Why does the Ministry of Defense care?
This project involves a few government entities, including the Air Force and the Defense Innovation Unit, which acts as a kind of bridge between the military and commercial sectors. So where will they start cooking this new fuel? “We plan to combine this technology with other renewable energy projects on several common bases, which include solar, geothermal and nuclear,” says Jack Ryan, project manager for DIU, via email. “While we can’t share exact locations yet, this project will initially be based in the Continental US and then over time, we expect that the shrinking size of the machine will allow the system to be configured and used in operational settings.”
Having a way to produce fuel in an operational environment, as Ryan describes it, could be useful in a future conflict because ground vehicles like tanker trucks can be targets. For example, on April 9, 2004, in Iraq, an attack known as the Good Friday Ambush resulted in many deaths. a large American motorcade was making an “emergency jet fuel delivery to the airport” in Baghdad, Iraq, as the Los Angeles Times noted in an extensive article about the incident in 2007.
“With the development and deployment of on-site fuel generation technology, our Joint Force will be more resilient and sustainable,” says Ryan.
(Related: All your burning questions about sustainable aviation fuel, answered)

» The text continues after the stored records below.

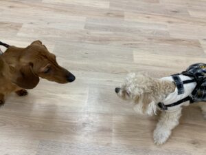 楽しくお話し中のりんちゃんとむぎくん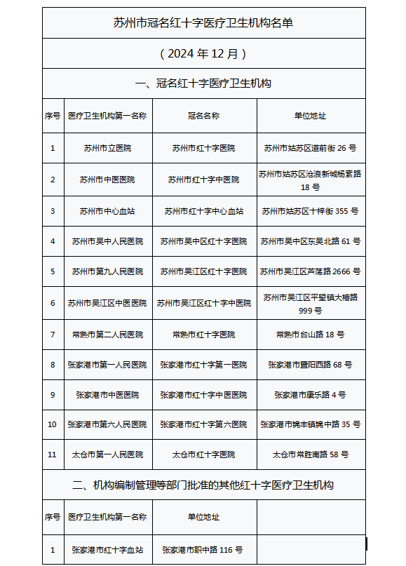 根据《中华人民共和国红十字会法》《中华人民共和国红十字标志使用办法》《关于医疗机构冠名红十字(会)的规定》《红十字医疗卫生机构管理办法》有关要求,现对苏州市冠名红十字医疗卫生机构的相关信息进行公示。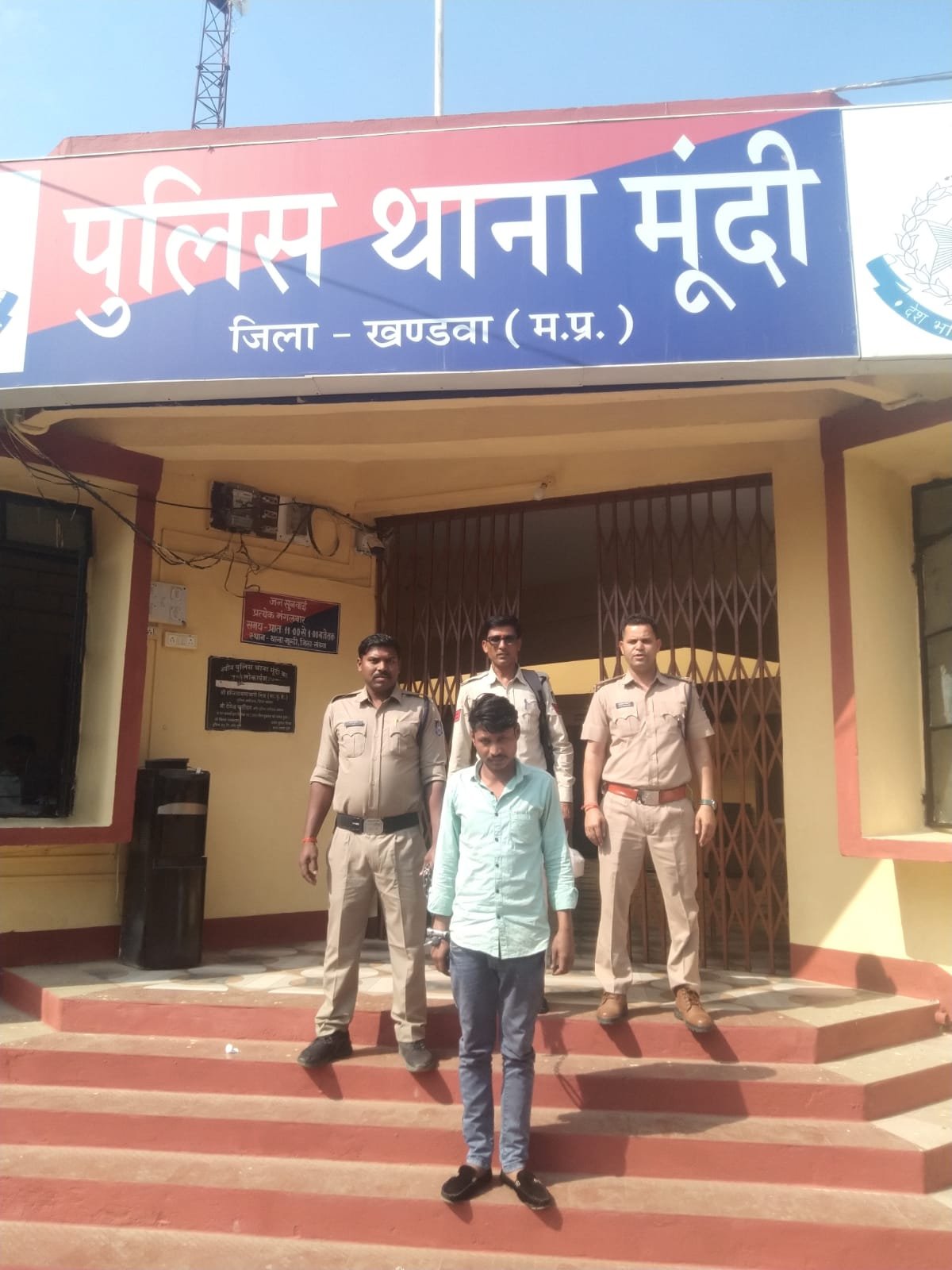घटना का विवरण :- फरियादीया द्वारा आरोपी अमर चौहान के विरुद्ध शादी करने का झांसा देकर 6 वर्ष से अधिक समय से पीडिता के साथ शारीरिक शोषण करने तथा शादी करने का कह कर शादी नही करने पर पीडिता द्वारा थाना मूंदी पर अपराध क्रमांक 60/26 धारा धारा 69 B.N.S. का अपराध पंजीबद्ध कराया गया था । निरीक्षक राजेन्द्र नरवरिया थाना प्रभारी मूंदी के नेतृत्व में उनि उमेश लाखरे द्वारा ग्राम चांदपुरा में दबिस दी जाकर आरोपी अमर चौहान पिता नर्मदा प्रसाद भिलाला उम्र 25 साल निवासी चांदपुरा को मूंदी पुलिस द्वारा 24 घंटे के अंदर गिरफ्तार किया गया। आरोपी को दिनांक 24.02.26 को खंडवा न्यायालय में पेश किया गया। न्यायालय द्वारा आरोपी को जिला जेल खण्डवा भेजा गया।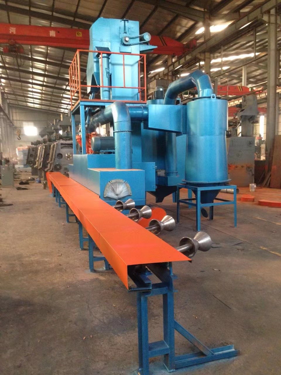 鋼管拋丸機(jī)是一種貫穿式自動(dòng)拋丸清理設(shè)備。 拋丸后,工件表面的氧化皮、漆皮等雜質(zhì)被去除,使工件的金屬顏色暴露出來(lái)。 同時(shí),通過(guò)噴丸可以消除工件的內(nèi)應(yīng)力,提高工件的疲勞強(qiáng)度。 此外,通過(guò)噴丸處理去除工件表面雜質(zhì),創(chuàng)造有利于涂層的粗糙度,增強(qiáng)噴涂時(shí)表面涂層的附著力,延長(zhǎng)噴涂壽命,提高整體表面和內(nèi)部質(zhì)量。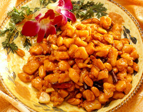 宫保鸡丁:'1.鸡去骨,切成1厘米见方的碎丁,用鸡蛋清、盐10克、生粉10克腌拌均匀。2.色拉油入锅烧热,鸡丁下锅炸熟,捞起沥油。3.锅中留油少许,香干辣椒段、蒜...    详细介绍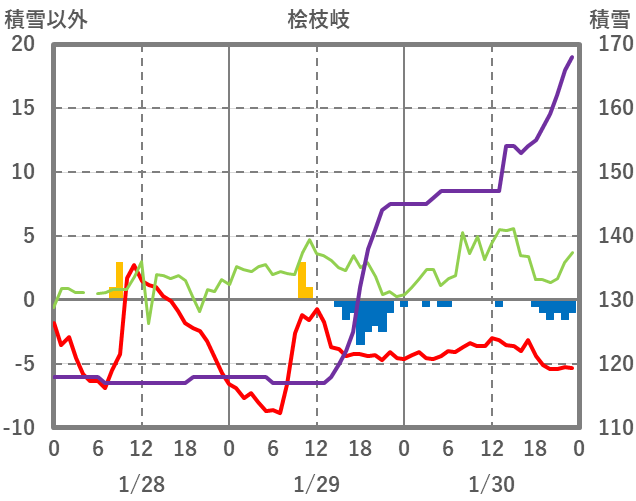 | 日 | 時 | 気温 | 降水 | 風向/風速 | 日照 | 積雪 | 降雪 |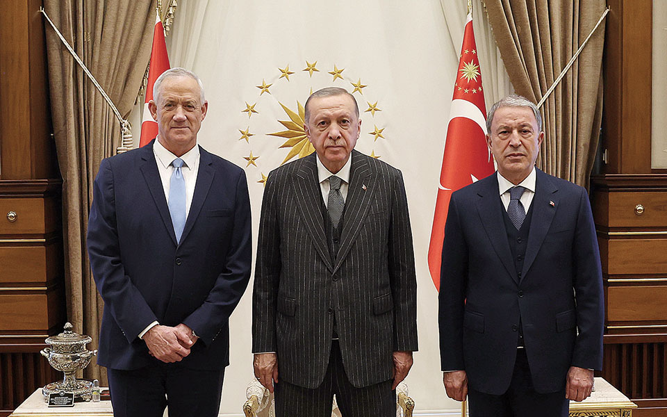 AΓΚΥΡΑ. Επανεκκίνηση των σχέσεων Ισραήλ – Τουρκίας στον τομέα της άμυνας συνιστά η επίσκεψη του υπουργού Αμυνας του Ισραήλ Μπένι Γκαντζ χθες στην Αγκυρα και η συνάντησή του με τον Τούρκο πρόεδρο Ταγίπ Ερντογάν. Η πρώτη τέτοιου είδους επίσκεψη έπειτα από «κενό» δέκα χρόνων προσέθεσε ένα ακόμη κομμάτι στο παζλ της προσέγγισης των δύο χωρών, που φιλοτεχνείται μετά την αποχώρηση του Μπέντζαμιν Νετανιάχου από την πρωθυπουργία του Ισραήλ.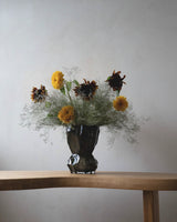 Mit einer Form, die von antiken französischen Blumenvasen inspiriert ist, und einer Struktur, die von einer großartigen Bergreflexion inspiriert ist, verbindet sie zwei einzigartige Kräfte. Eine Mischung aus floristischer Funktionalität und der Ruhe der Natur schafft dieses einzigartige Mittelstück.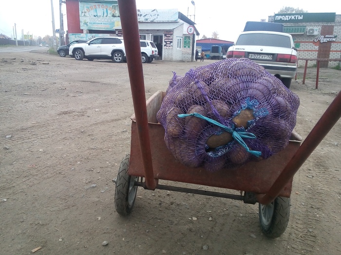 Уже в прошлом сезоне я постарался отказаться от услуг доставки, которая по сути оттарабанивает битую картошку и ошеломлённого клиента по указанному адресу.  К сожалению, от чрезмерных нагрузок на стройке за это время у классической тележки полопались колёса.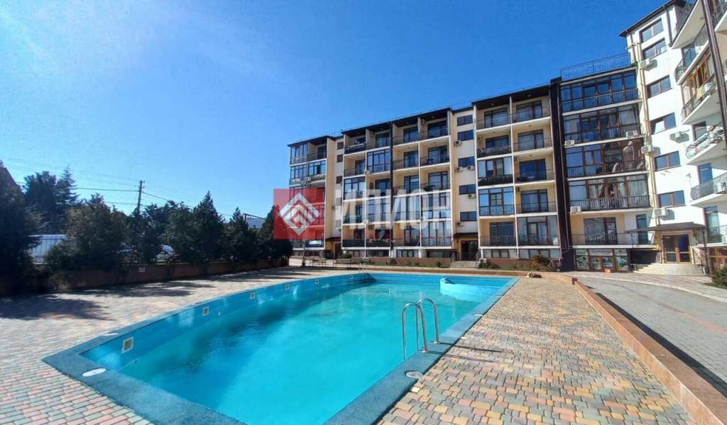 Расположение апартаментов самое удачное в комплексе, окна выходят во двор с бассейном и на море! При этом витражное остекление в комнате и на балконе позволяет любоваться этими видами!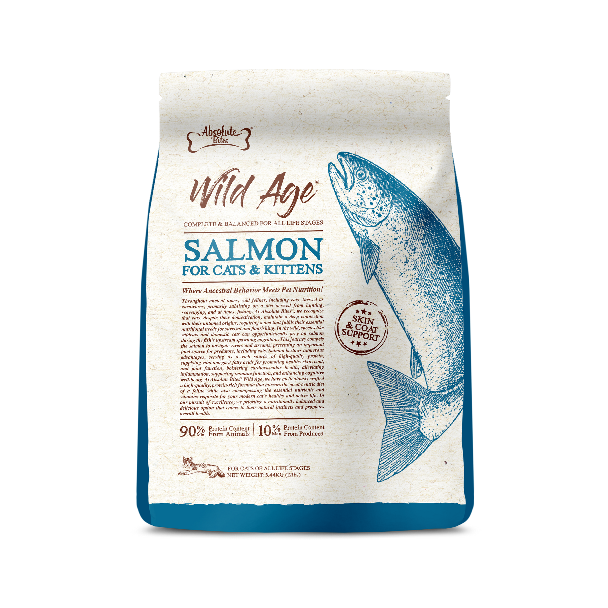 Throughout ancient times, wild felines, including cats, thrived as carnivores, primarily subsisting on a diet derived from hunting, scavenging, and at times, fishing. At Absolute Bites®, we recognize that cats, despite their domestication, maintain a deep connection with their untamed origins, requiring a diet that fulfils their essential nutritional needs for survival and flourishing. In the wild, species like wildcats and domestic cats can opportunistically prey on salmon during the fish's upstream spawning migration. This journey compels the salmon to navigate rivers and streams, presenting an important food source for predators, including cats. Salmon bestows numerous advantages, serving as a rich source of high-quality protein, supplying vital omega-3 fatty acids for promoting healthy skin, coat, and joint function, bolstering cardiovascular health, alleviating inflammation, supporting immune function, and enhancing cognitive well-being. At Absolute Bites® Wild Age, we have meticulously crafted a high-quality, protein-rich formula that mirrors the meat-centric diet of a feline while also encompassing the essential nutrients and vitamins requisite for your modern cat's healthy and active life. In our pursuit of excellence, we prioritize a nutritionally balanced and delicious option that caters to their natural instincts and promotes overall health.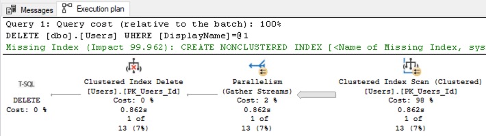 We read that from right to left. The first thing SQL Server has to do is scan the entire Users table to find the row(s) with DisplayName = ‘Brent Ozar’ because we don’t have an index on DisplayName. After it’s found them, then it’ll delete them from the clustered index.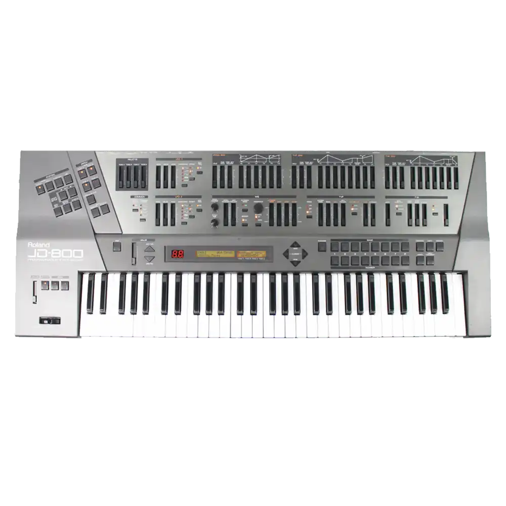 The Roland JD800 is a powerful digital synthesizer, known for its wide range of sounds and extensive control options. It features a responsive keyboard, making it suitable for both live performances and studio production, offering rich, dynamic sounds for any musical style.
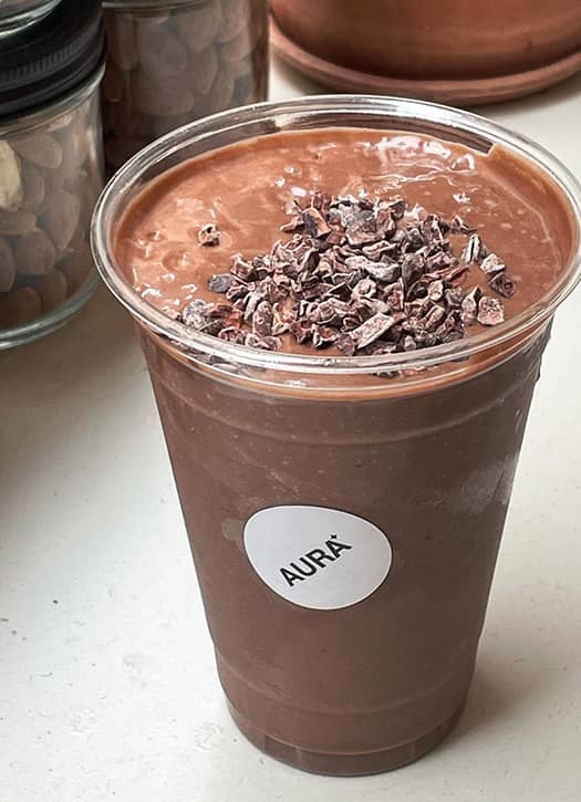 L’adresse la plus wellness de Paris s’est récemment installée au cœur du Marais. Et chez Aura, le smoothie est un véritable lifestyle ! Même si on y compte une flopée de recettes pour toutes les routines et objectifs – purify, clear, hydrate, recover ou encore skin care – notre véritable coup de cœur reste le Cacao Therapy, très gourmand mais aussi très healthy. Son mélange de cacao cru, maca, banane, protéines végétales, graines de chanvre, caramel de datte et lait de cajou maison en fait un allié idéal pour se remettre d’une séance de sport et renforcer ses muscles tout en se faisant plaisir (sans sucres ajoutés).
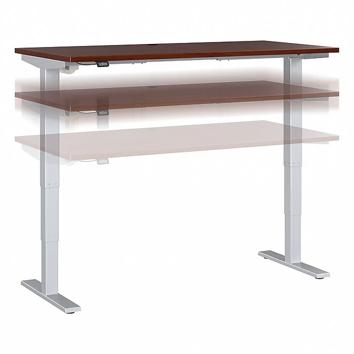 This Bush Business Furniture Move 40 height-adjustable desk is a perfect way to build an ergonomic workspace without a high-end price tag. Give your body and mind a break from sedentary work and enjoy a healthier, more productive office with the push of a button. Three-stage units lift the 59″W x 29″D desktop anywhere from 28.17″ to 48.24″ at a speed of 1.25″ per second so you can change positions without missing a beat. The adjustable desk also features an anti-collision sensor that stops movement up or down if an object is detected. The durable thermally fused laminate work surface resists scratches and stains while a welded 16-gauge steel base allows the desktop to support up to 176 lbs. This sit-stand desk meets or exceeds ANSI/BIFMA standards for safety and performance and is backed by a 5-year manufacturer limited warranty.
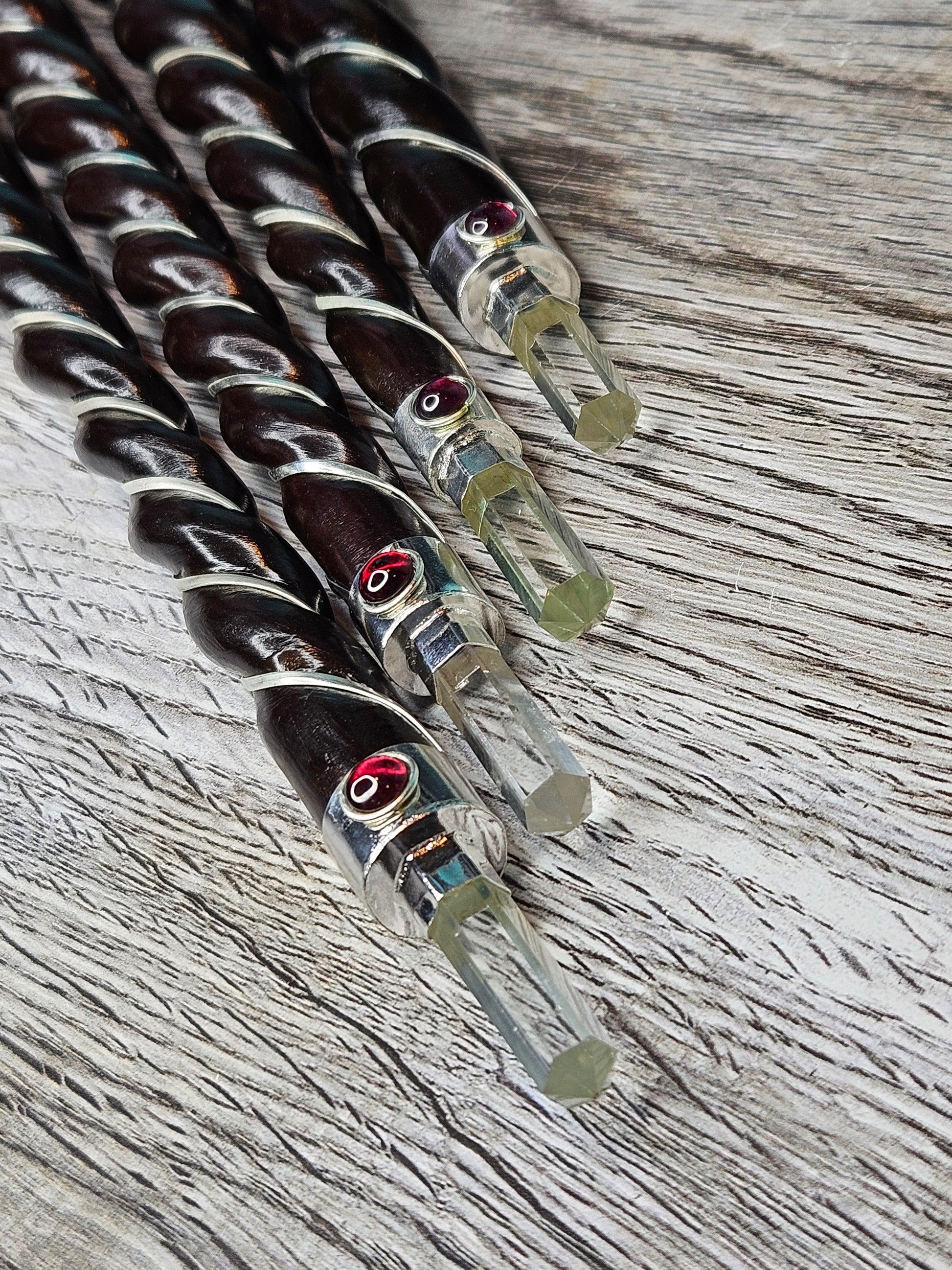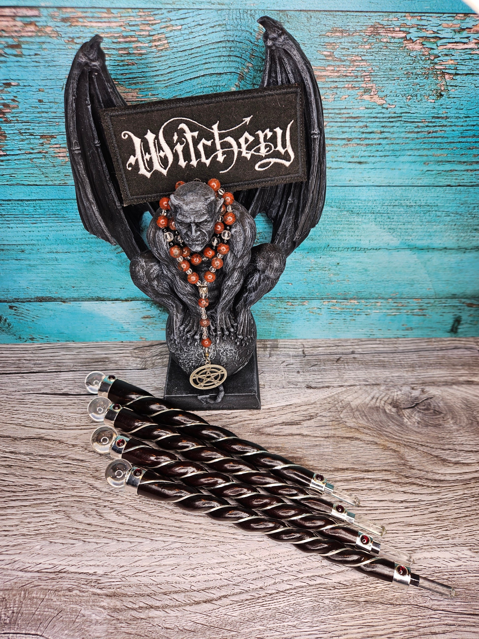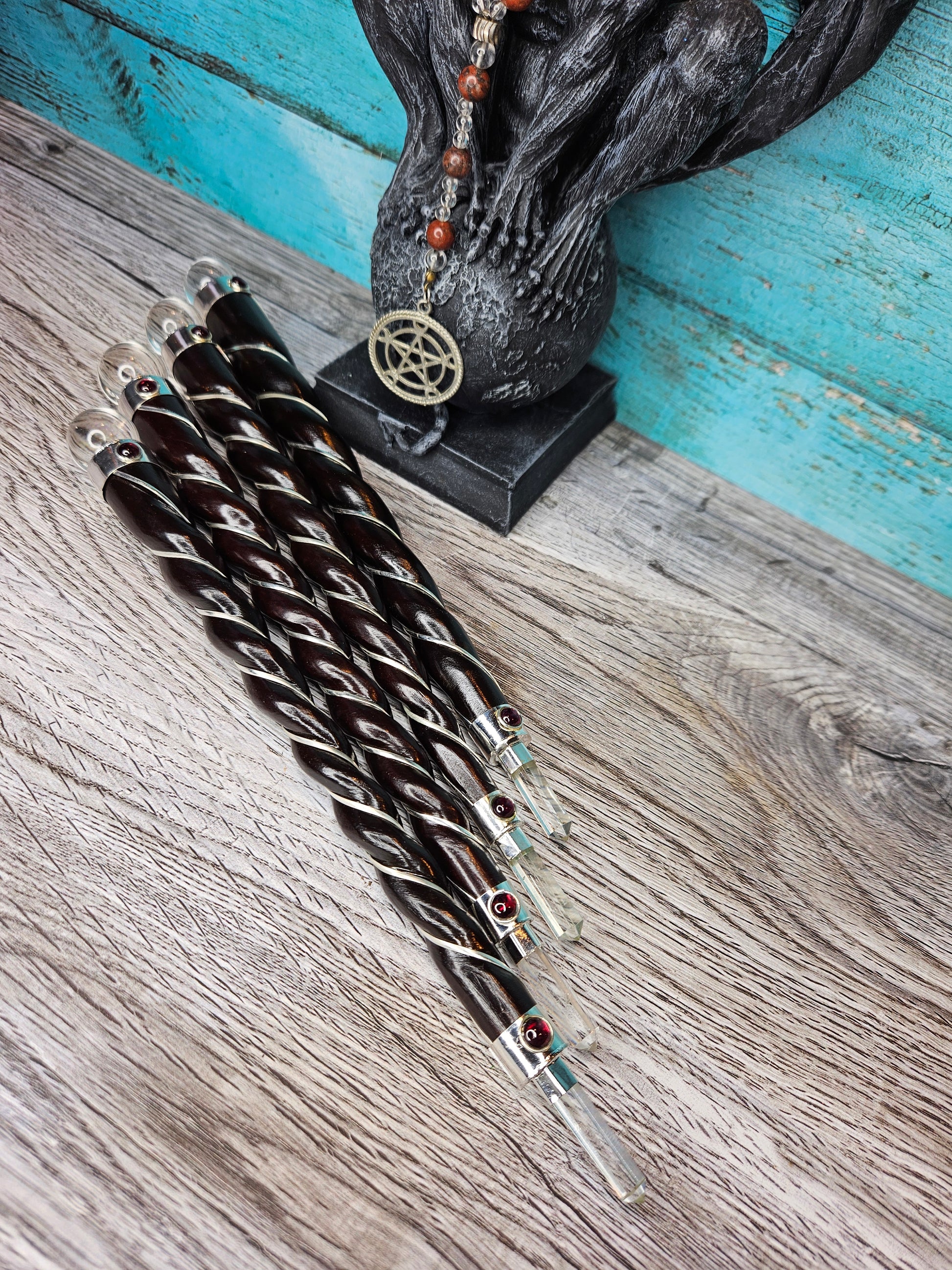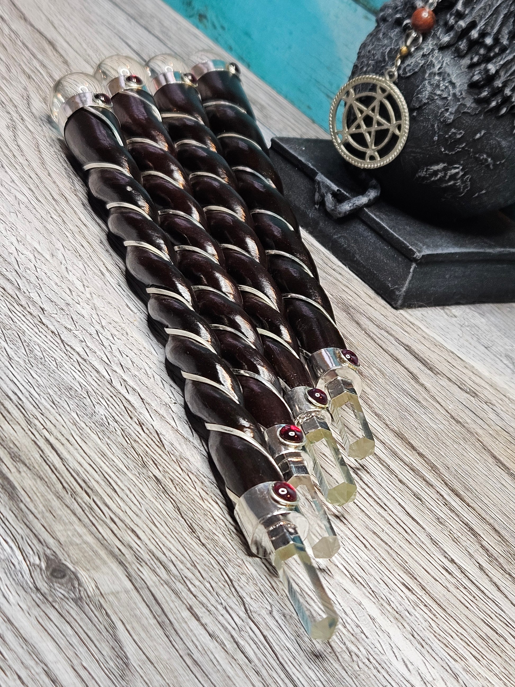 These twisted wooden vibes are topped with a clear “crystal” ball and decorated with little red stones. They also have quartz tips to direct the energy that you want to channel. To add to their power, they are laced with beautiful silver plated metal all the way down their stunning twists and turns. They are such a fantastic example of the melding of elements into one perfect piece. Metal and silver are highly protective, the ball at the top will hold your intention and send it through the wand via the wood and metal to direct it wherever you’d like it to go. Uses for this wand include but are not limited to: casting circles (especially good with the protection spell added to them), drawing sigils in your spaces, blessing your entire aura with protection, directing protection energy to your car, your kids, your pets and your home. You can tap it on your spells and jars to add protection to them. The possibilities are endless and these babies create a vortex with their twists and turns which opens a portal of protection to them. Functional and fabulous. These are witchy AF.

Nikita Pavlenko, program manager at the International Clean Transportation Council, a nonprofit organization, says he’s excited about the news. “It’s also likely something that’s still a long way off,” he adds. “Air Company is still in the very, very early stages of commercialization.”
These types of fuels, called e-fuels, are not available in large quantities, nor are they cheap. “I expect that finances and availability will be big constraints,” he says. “Just based on the underlying costs of green hydrogen (and) CO2, you’re probably going to end up with something much more expensive than conventional fuel.” As for how much fuel they will be able to produce synthetically, DIU’s Ryan says, “It will be smaller amounts at first, providing resilience to existing fueling and base microgrids,” and then it will grow from there. .
(Related: Airbus just flew its largest plane using sustainable aviation fuel)
Still, these types of fuels have environmental benefits, Pavlenko says, although it’s important that the hydrogen they use is created through green means—from renewable energy sources, for example. The fuel still emits carbon when burned, but the benefits come because the fuel was created by removing carbon dioxide from the atmosphere in the first place, or preventing it from leaving a chimney. Even this chimney scenario is environmentally attractive to Pavlenko, because “you’re just borrowing that CO2 from the atmosphere—you’re just delaying it before it disappears into the atmosphere, rather than taking something that’s been underground for millions of years and releasing it. ” (A caveat is below the line, ideally there are no carbon dioxide belching fumes that could be captured in the first place.)
For its part, the Defense Innovation Unit says it’s interested in many different ways of getting the carbon dioxide, but is most excited about getting it from the air or the ocean. That’s because these two methods “serve the dual purpose of extracting CO2 from air/water while also providing a feedstock for the synthetic fuel process,” says Matt Palumbo, project manager with DIU, via email. Palumbo also notes that he expects this contract period to last about two to five years and believes the effort will continue from there.